--- START ---

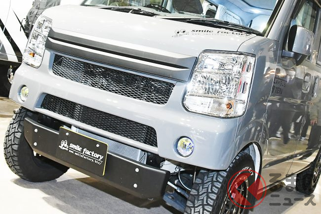 なかでもスマイルファクトリーが、スズキの軽ワンボックスバン「エブリイ」をリフトアップし、グッとタフなイメージに仕上げた「オフタイムBASE」を出展し、来場者の注目を集めていました。
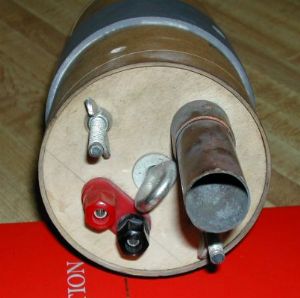 cannon with its leads runnin' out t' side, and is connected t' t' plugs.
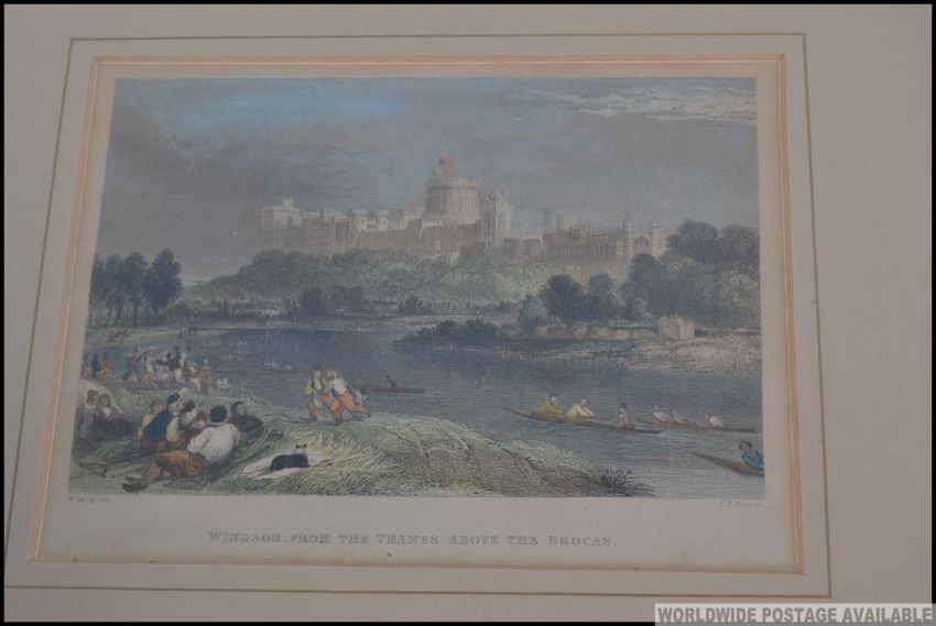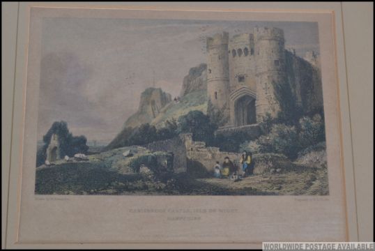 Four framed and glazed hand coloured Lithograph's titled Devon From Shakspeares Cliff, Windsor, Bridport Carisbrike Castle. Measures: 14cm x 20cm.
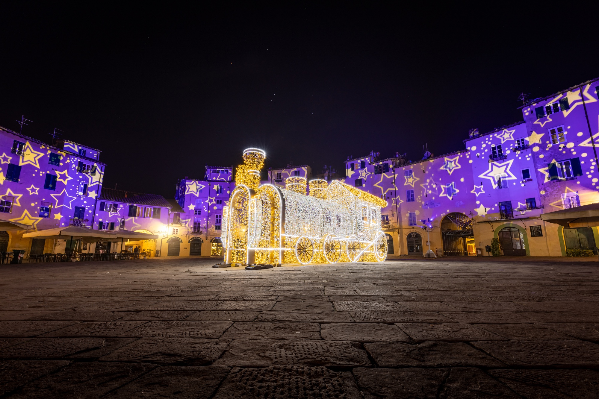 The amphitheater could not be missed, with its fantastic illuminated train, a favorite meeting point for children. The houses all around light up festively, with a series of stars that, moving gently, caress the walls and windows. A riot of colors and celebration.
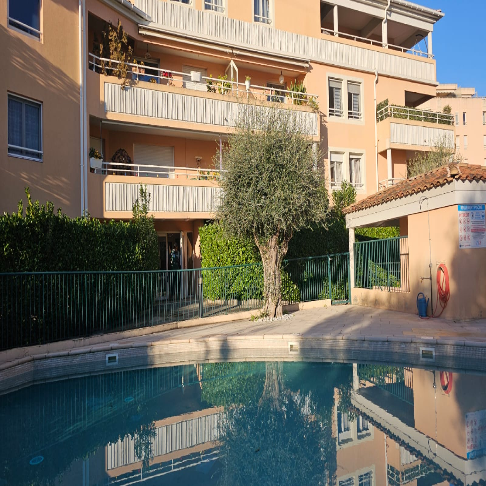 GRASSE SUD, dans une belle résidence sécurisée avec piscine, tennis et parc, charmant DEUX PIECES au dernier étage avec ascenseur d'un petit bâtiment, comprenant :
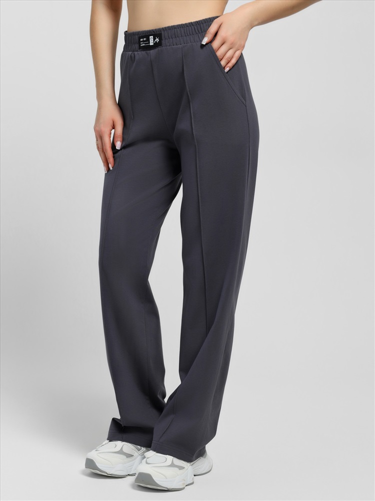 Ткань: Кулирка с лайкрой Брюки – из гладкокрашеного трикотажного полотна "кулирка с лайкрой"длинные, классического кроя, на притачном поясе с эластичной тесьмой внутри и карманами в боковых швах. Передние половины брюк застрочены по центральным линиям. По центру пояса настрочен декоративный элемент
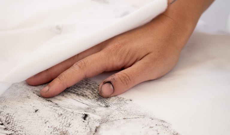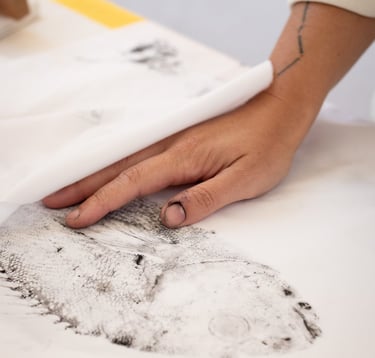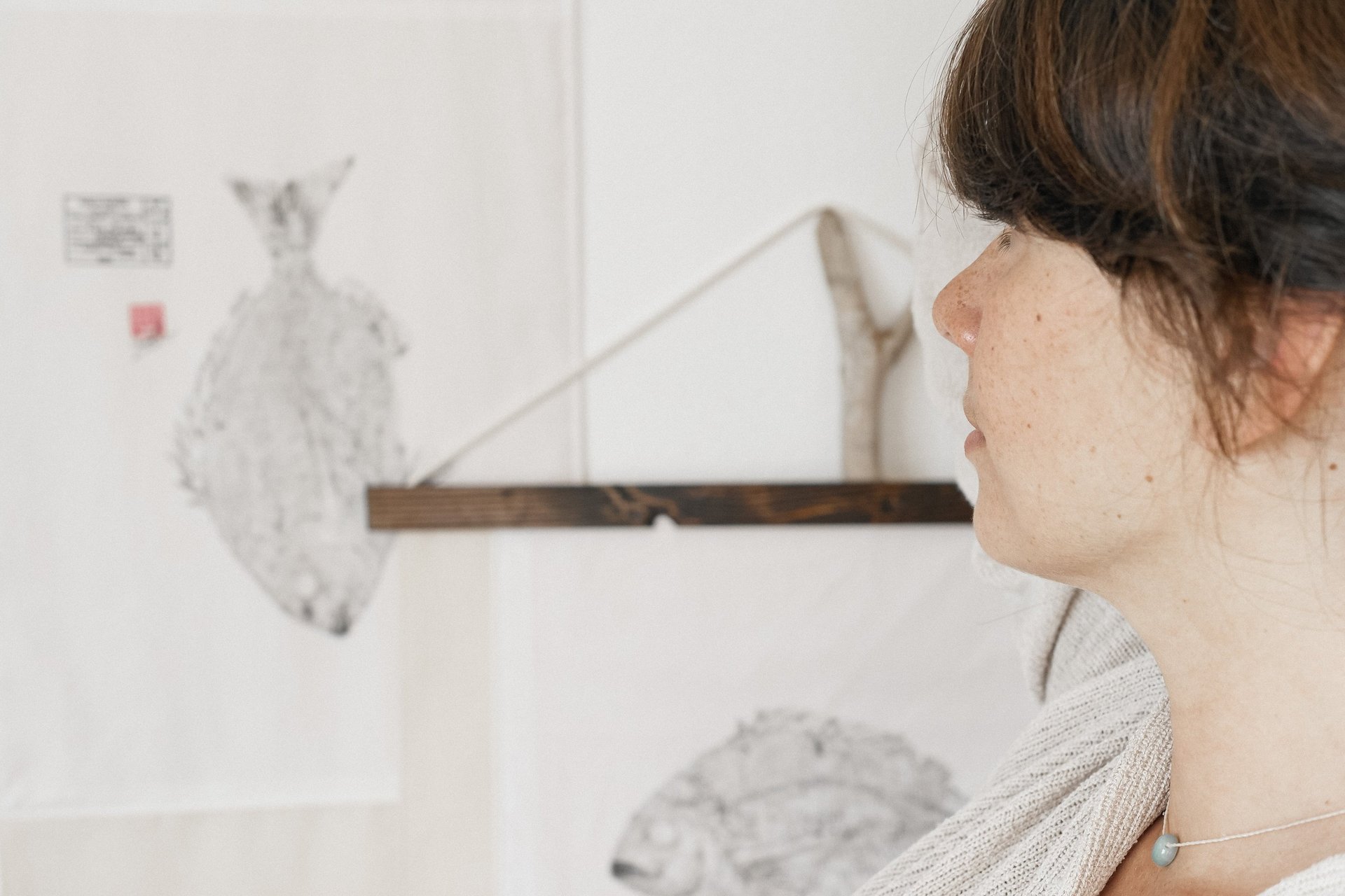 Upon returning to Portugal, she established her studio on the southwest coast of the Algarve. Working under the artistic name LUZALBA® (registered trademark), she developed a practice focused on sea culture and ancestral printmaking techniques. This vision led to the creation of the Fish Prints project, through which she explores and transforms local natural resources into unique artworks and design pieces.
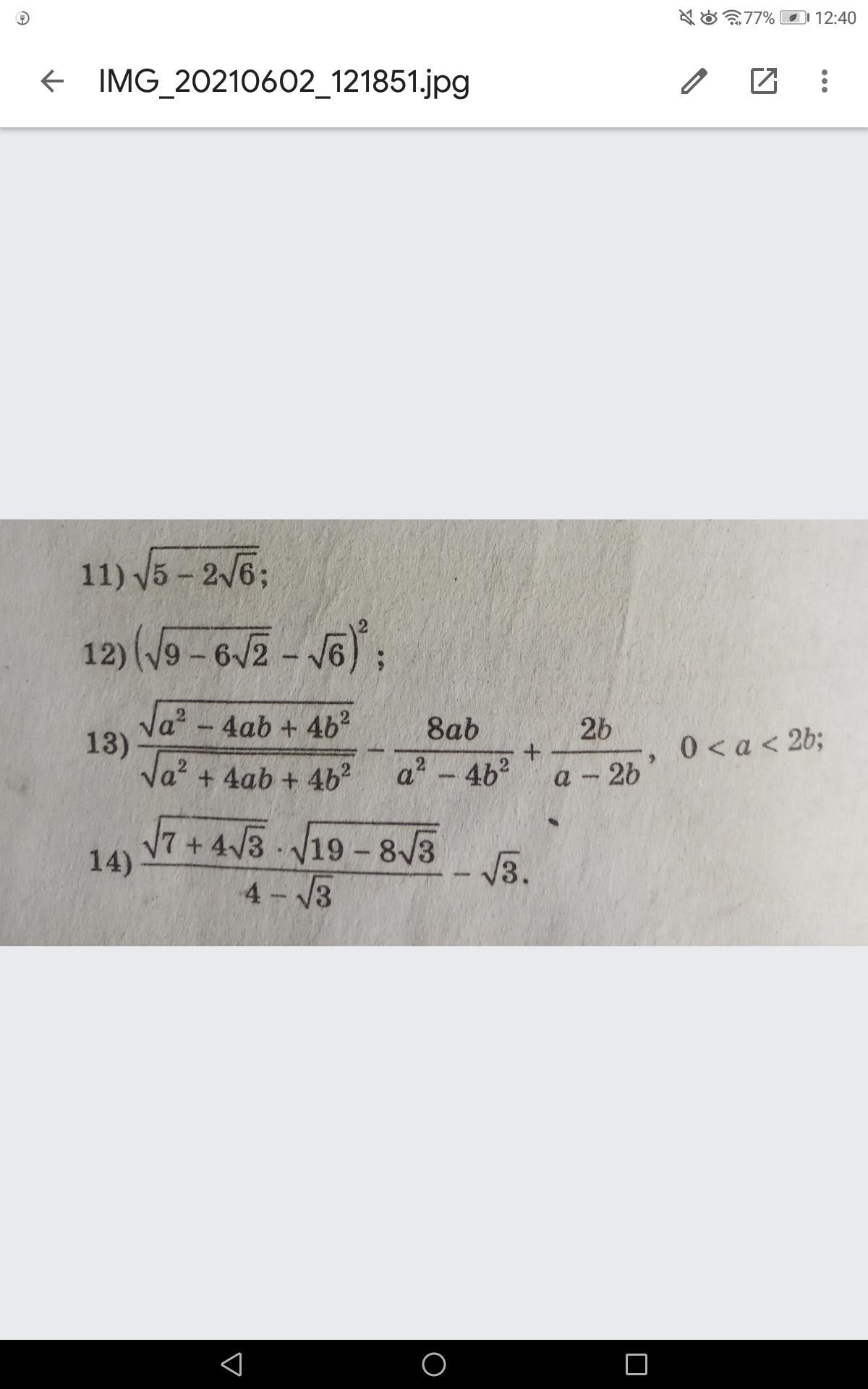 11)\sqrt{5-2\sqrt{6} } =\sqrt{3-2\sqrt{6}+2 }=\sqrt{(\sqrt{3})^{2} -2\cdot\sqrt{3}\cdot\sqrt{2}+(\sqrt{2} )^{2}}=\\\\=\sqrt{(\sqrt{3} -\sqrt{2})^{2}}=|\sqrt{3}-\sqrt{2}|=\boxed{\sqrt{3} -\sqrt{2}}\\\\\\12)(\sqrt{9-6\sqrt{2}}-\sqrt{6})^{2} }=\Big(\sqrt{9-6\sqrt{2} }\Big)^{2}-2\cdot\sqrt{9-6\sqrt{2}}\cdot\sqrt{6}+(\sqrt{6})^{2}=\\\\=|9-6\sqrt{2}|-2\cdot\sqrt{3}\cdot\sqrt{3-2\sqrt{2} }+6=9-6\sqrt{2}-2\sqrt{3} \cdot\sqrt{(\sqrt{2}-1)^{2}} +6=
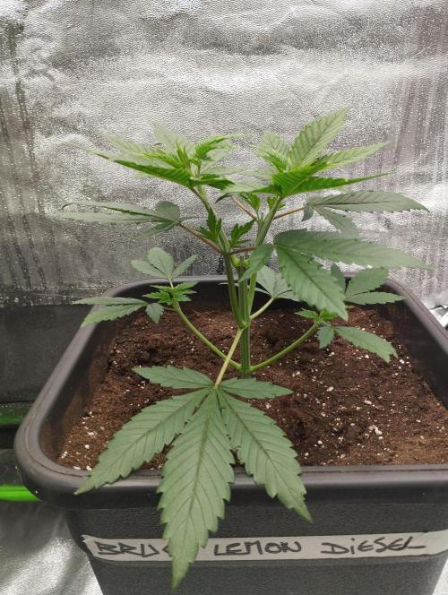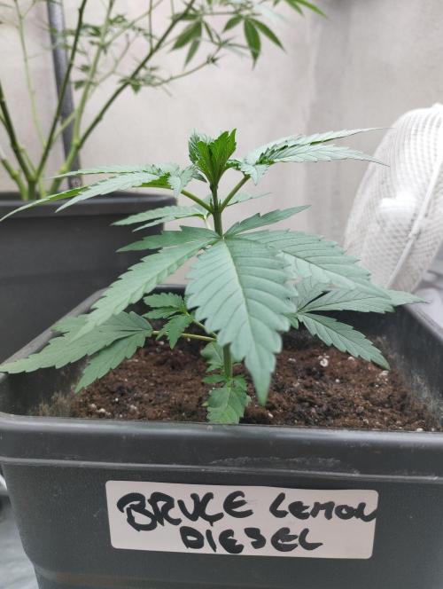 BudBrewerz I've planted the Bruce Lemon Diesel out in a 7l pot filled with Plagron Lightmix, since it's pre-filled with nutrients for a while , I haven't given her any other nutrients yet. For now she is just getting rain water.She seems to have started off very healthy imo.
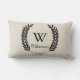 Gedetailleerde schets van de molen op een faux canvaspatroon aan de voorkant van de kussen. De achterkant van de kussen is voorzien van een zwarte lauweren met een lijst dat uw keuze uit een gepersonaliseerde monogram letter en familienaam in zwarte tekst bevat.
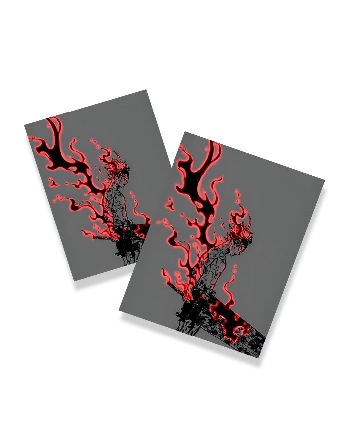 Asta’s demon power ignites in this intense black-and-red silhouette-style art. Flames roar around his body, while he holds his massive demon-slayer sword. A fiery tribute to raw willpower and magical defiance. This poster is a perfect centerpiece for Black Clover fans who live for energy, contrast, and grit.
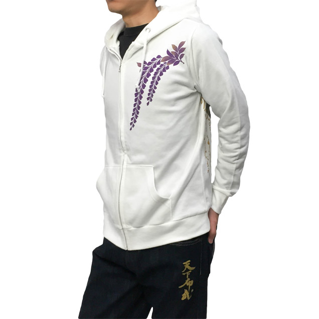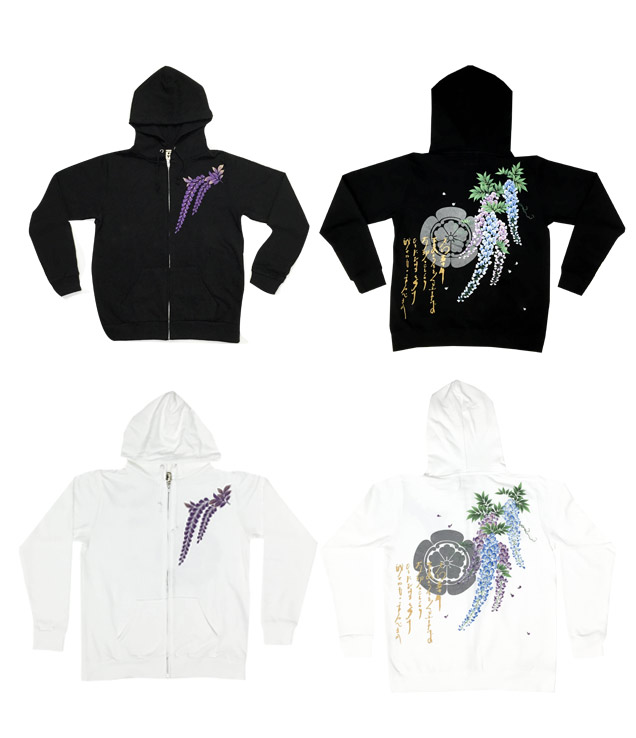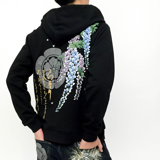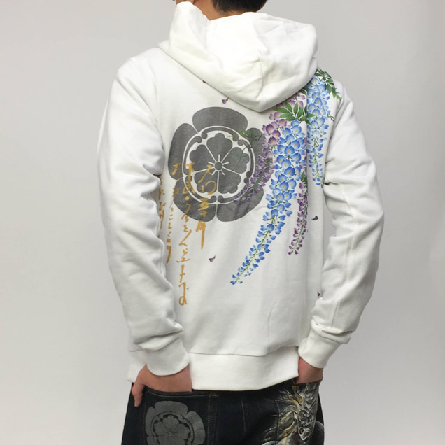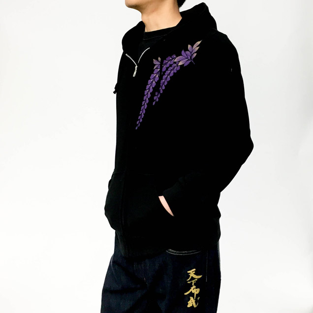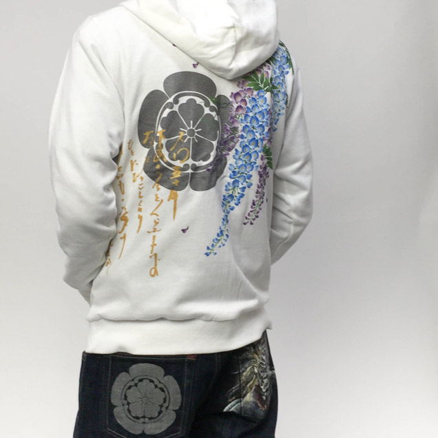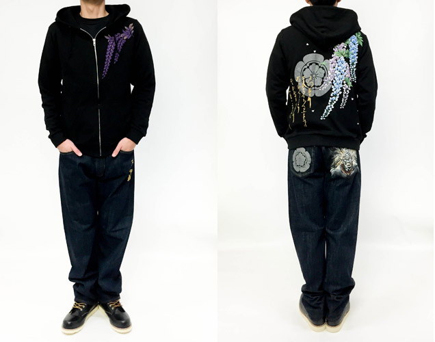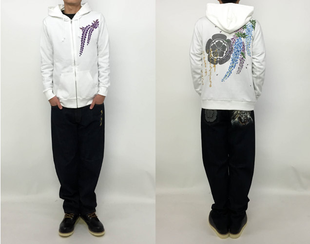 ジーンズに合わせた織田信長モデルのパーカー。家紋【織田木瓜】に藤の華を合わせ、華麗で妖艶な雰囲気を演出しました!

--- END ---

Every line above should be repeated exactly; pictures stay out of the copy.

 なかでもスマイルファクトリーが、スズキの軽ワンボックスバン「エブリイ」をリフトアップし、グッとタフなイメージに仕上げた「オフタイムBASE」を出展し、来場者の注目を集めていました。
 cannon with its leads runnin' out t' side, and is connected t' t' plugs.
 Four framed and glazed hand coloured Lithograph's titled Devon From Shakspeares Cliff, Windsor, Bridport Carisbrike Castle. Measures: 14cm x 20cm.
 The amphitheater could not be missed, with its fantastic illuminated train, a favorite meeting point for children. The houses all around light up festively, with a series of stars that, moving gently, caress the walls and windows. A riot of colors and celebration.
 GRASSE SUD, dans une belle résidence sécurisée avec piscine, tennis et parc, charmant DEUX PIECES au dernier étage avec ascenseur d'un petit bâtiment, comprenant :
 Ткань: Кулирка с лайкрой Брюки – из гладкокрашеного трикотажного полотна "кулирка с лайкрой"длинные, классического кроя, на притачном поясе с эластичной тесьмой внутри и карманами в боковых швах. Передние половины брюк застрочены по центральным линиям. По центру пояса настрочен декоративный элемент
 Upon returning to Portugal, she established her studio on the southwest coast of the Algarve. Working under the artistic name LUZALBA® (registered trademark), she developed a practice focused on sea culture and ancestral printmaking techniques. This vision led to the creation of the Fish Prints project, through which she explores and transforms local natural resources into unique artworks and design pieces.
 11)\sqrt{5-2\sqrt{6} } =\sqrt{3-2\sqrt{6}+2 }=\sqrt{(\sqrt{3})^{2} -2\cdot\sqrt{3}\cdot\sqrt{2}+(\sqrt{2} )^{2}}=\\\\=\sqrt{(\sqrt{3} -\sqrt{2})^{2}}=|\sqrt{3}-\sqrt{2}|=\boxed{\sqrt{3} -\sqrt{2}}\\\\\\12)(\sqrt{9-6\sqrt{2}}-\sqrt{6})^{2} }=\Big(\sqrt{9-6\sqrt{2} }\Big)^{2}-2\cdot\sqrt{9-6\sqrt{2}}\cdot\sqrt{6}+(\sqrt{6})^{2}=\\\\=|9-6\sqrt{2}|-2\cdot\sqrt{3}\cdot\sqrt{3-2\sqrt{2} }+6=9-6\sqrt{2}-2\sqrt{3} \cdot\sqrt{(\sqrt{2}-1)^{2}} +6=
 BudBrewerz I've planted the Bruce Lemon Diesel out in a 7l pot filled with Plagron Lightmix, since it's pre-filled with nutrients for a while , I haven't given her any other nutrients yet. For now she is just getting rain water.She seems to have started off very healthy imo.
 Gedetailleerde schets van de molen op een faux canvaspatroon aan de voorkant van de kussen. De achterkant van de kussen is voorzien van een zwarte lauweren met een lijst dat uw keuze uit een gepersonaliseerde monogram letter en familienaam in zwarte tekst bevat.
 Asta’s demon power ignites in this intense black-and-red silhouette-style art. Flames roar around his body, while he holds his massive demon-slayer sword. A fiery tribute to raw willpower and magical defiance. This poster is a perfect centerpiece for Black Clover fans who live for energy, contrast, and grit.
 ジーンズに合わせた織田信長モデルのパーカー。家紋【織田木瓜】に藤の華を合わせ、華麗で妖艶な雰囲気を演出しました!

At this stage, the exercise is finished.